> **TASK**
Please transcribe the listing below exactly, but only from the line containing "ELEVATION 3 - STUCCO FINISH" through its last line.
(MATERIAL FOR THIS TASK begins)
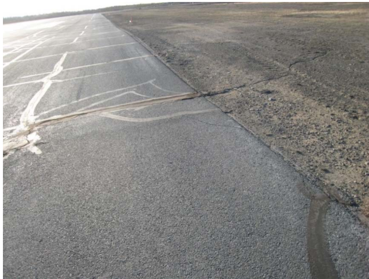
Figure 2: Severe settlements in the non-keel zone on Runway 10-28 and deep depressions on the shoulder [LU, May 2015]
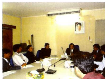
Participants from LGED, PDO-ICZMP, WARPO, BWDB, DoF, BRDB and CEGIS

The Coastal Zone Policy (CZPo) 2005 provides guidelines and the framework for the implementation of Integrated Coastal Zone Management (ICZM) programs. It gives direction for management practices for the coastal zone. The Coastal Development Strategy (CDS) focuses on the implementation of the CZPo. The Priority Investment Program (PIP) is the operational arm of the Coastal Development Strategy (CDS). The preparation of PIP is one of the major outputs of the project. It is based on the inventory of the projects, the development of criteria to select projects and programs for prioritization and possible implementation in the coastal zone.
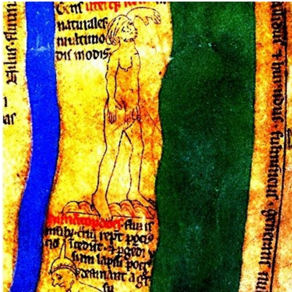
Figure 4: Hermaphrodites on the Hereford Map.

The Hereford Map (see Fig. 4) shows Hermaphrodites as nude humans with double genitalia and a double breast; this largely corresponds to the conventionally, vertically split depiction of hermaphrodites in medieval and early modern art. Face and hair, however, are not split, as they are in other medieval images of the hermaphrodite people (see, for example, Fig. 1). Interestingly, the hermaphrodite on the Hereford Map seems to have a beard. Much more clearly, the figure wears a turban.
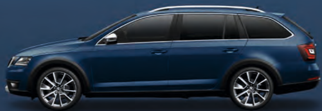
PACIFIC BLUE UNI
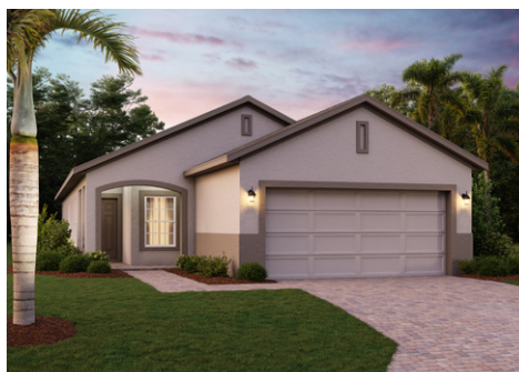
ELEVATION 3 - STUCCO FINISH

Renderings shown are examples. See sales office for range of finishes and configurations for the homes in this community.
(MATERIAL FOR THIS TASK ends)
> **RESULT FOR THIS TASK**
ELEVATION 3 - STUCCO FINISH

Renderings shown are examples. See sales office for range of finishes and configurations for the homes in this community.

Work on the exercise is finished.